Skip the pictures and give back the rest of the listing exactly.

DATA BLOCK →
++++++++

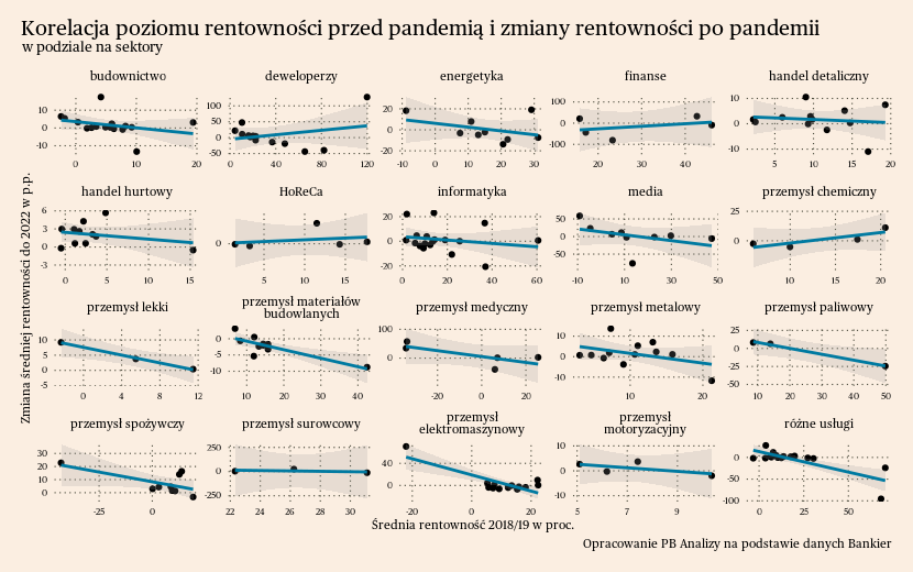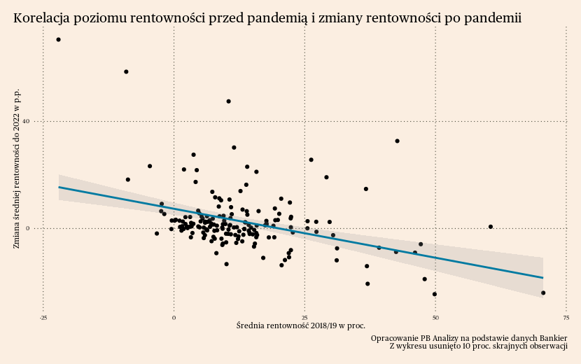 Nasza hipoteza jest następująca: upowszechniająca się indeksacja i mgła inflacyjna umożliwiły podwyżki cen mocniejsze od podwyżek kosztów, a szczególnie dotyczyło to branż i sektorów, w których ogólny poziom rentowności jest niski i do podwyżek łatwiej jest przekonać odbiorcę końcowego. Widzimy to w danych. Analizując wyniki finansowe kilkuset polskich spółek giełdowych widać ujemną korelacją między początkowym poziomem rentowności w latach 2018-2019, a wzrostem rentowności w latach 2020-2022. Najmniej rentowne firmy średnio najbardziej podniosły rentowność. Nie jest to jedyne możliwe wytłumaczenie tej zależności, ale tłumaczyłoby to dlaczego przy podwyższonej inflacji mogą rosnąć marże.
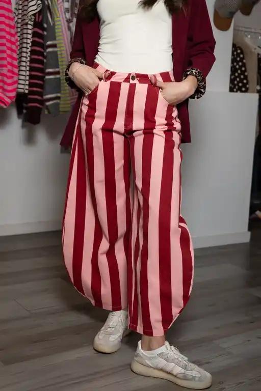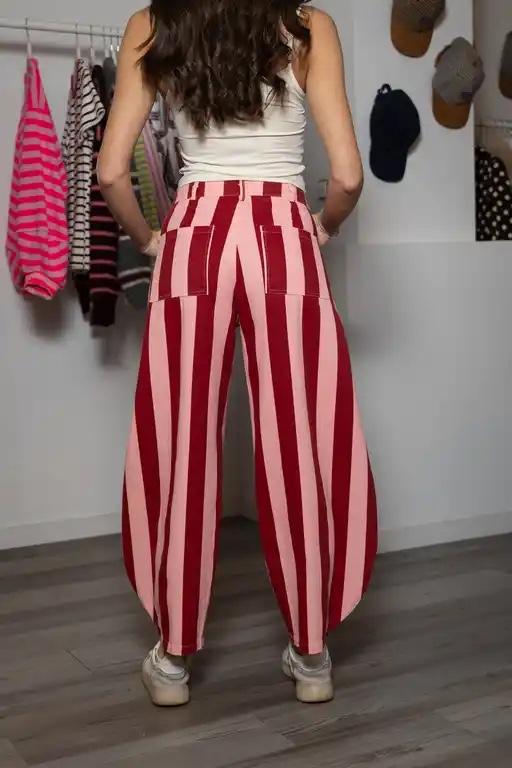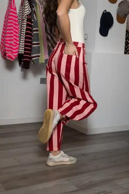 Pantalones denim en color rosa con rayas en rojo y corte en globo.
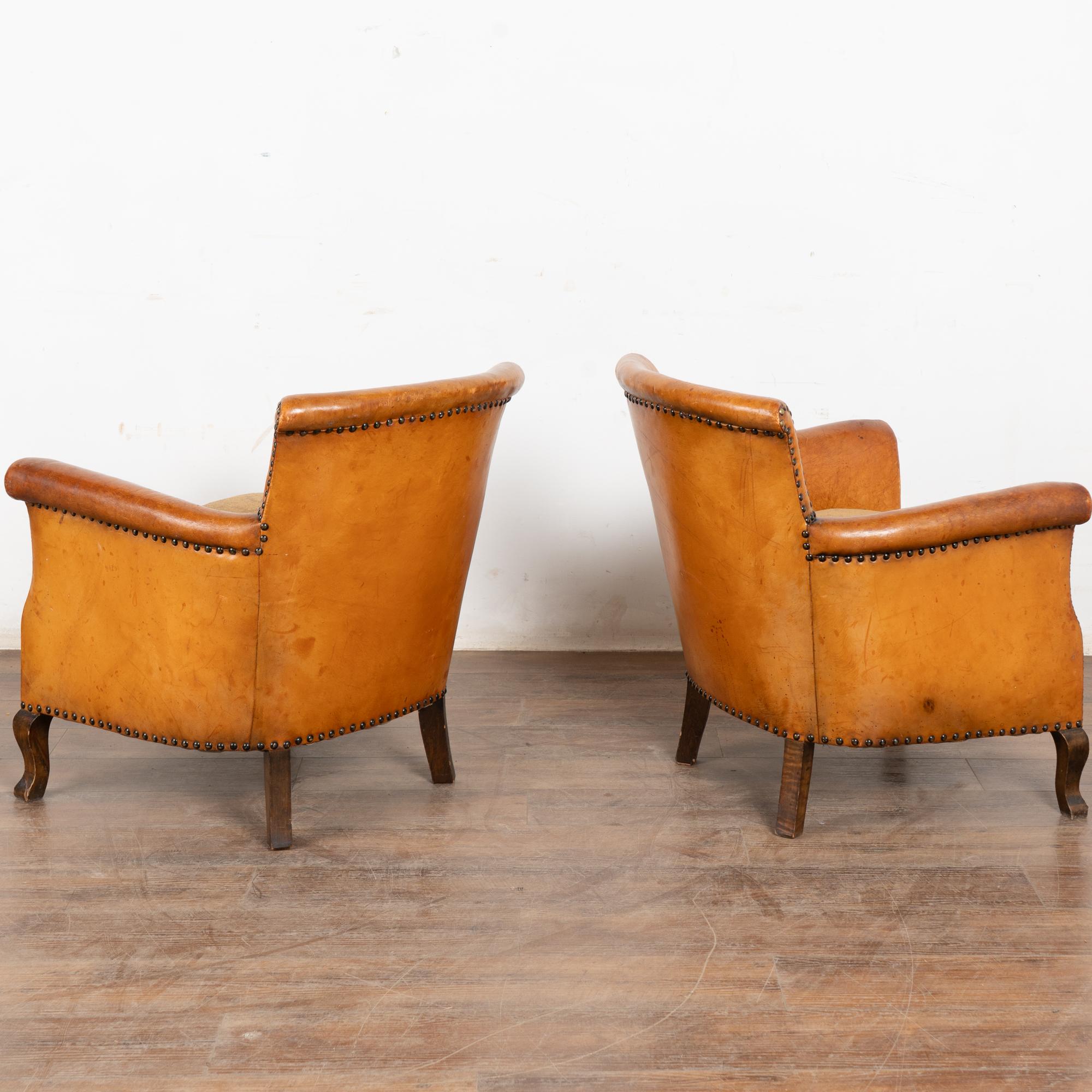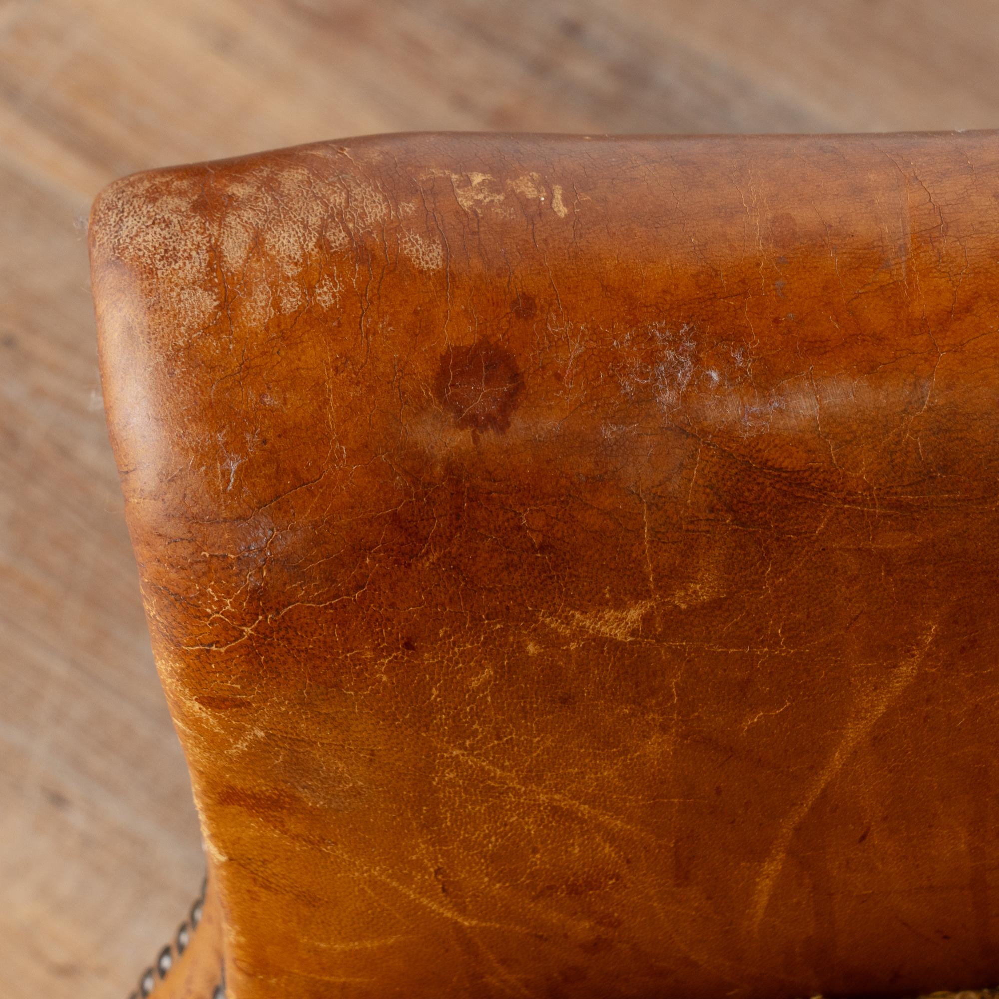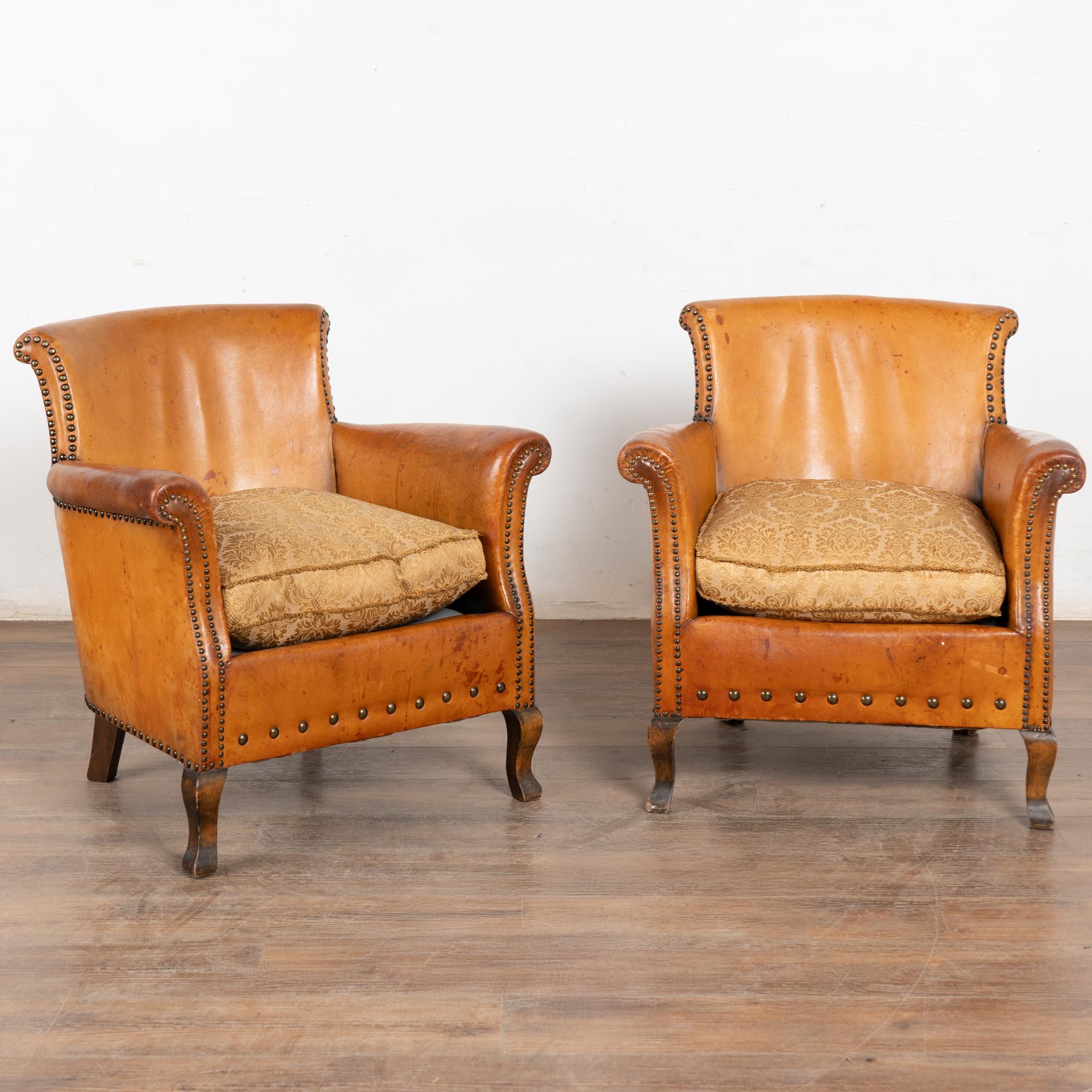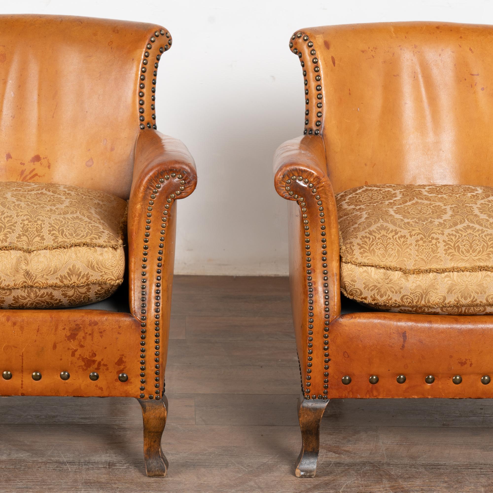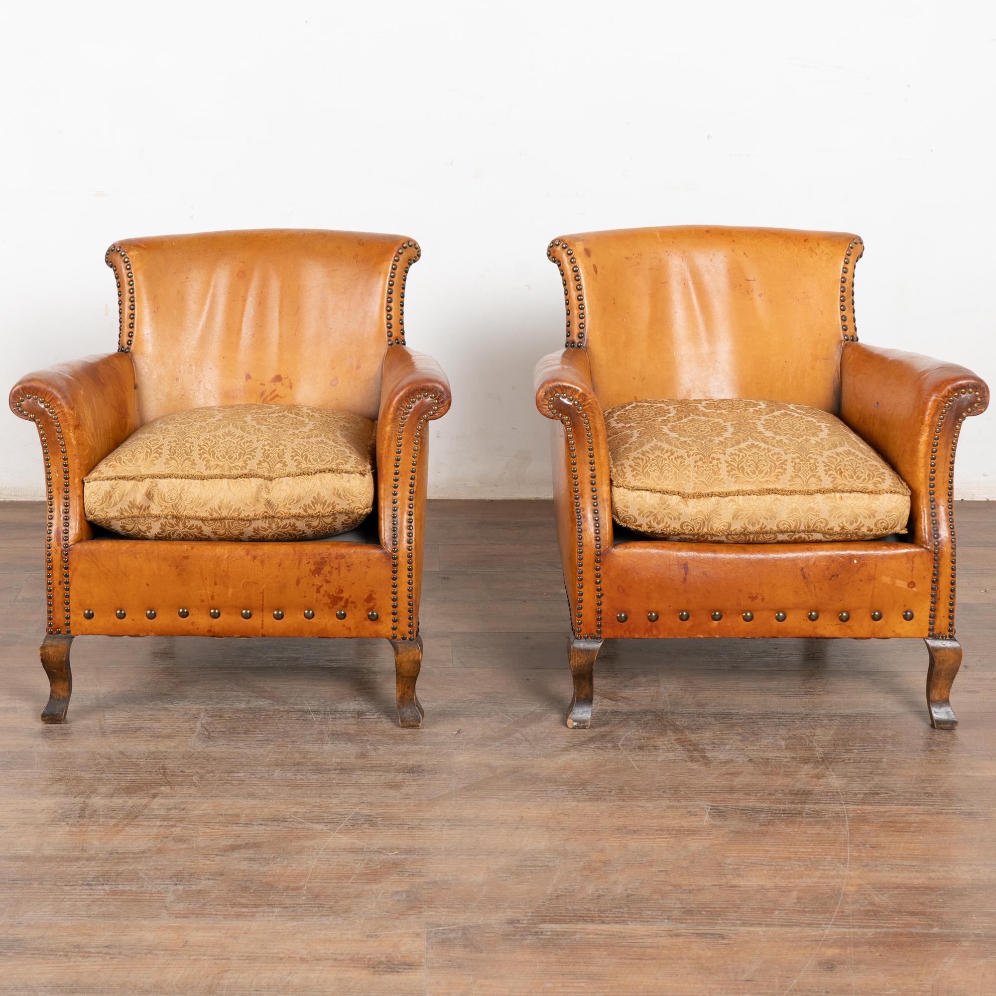 Expected age related stains, scratches, scuff marks, tear to seat bottom (to be replaced by upholsterer), impressions etc.; this pair of club chairs will benefit from a leather conditioner.

++++++++

ANSWER FOR THE TASK →
 Nasza hipoteza jest następująca: upowszechniająca się indeksacja i mgła inflacyjna umożliwiły podwyżki cen mocniejsze od podwyżek kosztów, a szczególnie dotyczyło to branż i sektorów, w których ogólny poziom rentowności jest niski i do podwyżek łatwiej jest przekonać odbiorcę końcowego. Widzimy to w danych. Analizując wyniki finansowe kilkuset polskich spółek giełdowych widać ujemną korelacją między początkowym poziomem rentowności w latach 2018-2019, a wzrostem rentowności w latach 2020-2022. Najmniej rentowne firmy średnio najbardziej podniosły rentowność. Nie jest to jedyne możliwe wytłumaczenie tej zależności, ale tłumaczyłoby to dlaczego przy podwyższonej inflacji mogą rosnąć marże.
 Pantalones denim en color rosa con rayas en rojo y corte en globo.
 Expected age related stains, scratches, scuff marks, tear to seat bottom (to be replaced by upholsterer), impressions etc.; this pair of club chairs will benefit from a leather conditioner.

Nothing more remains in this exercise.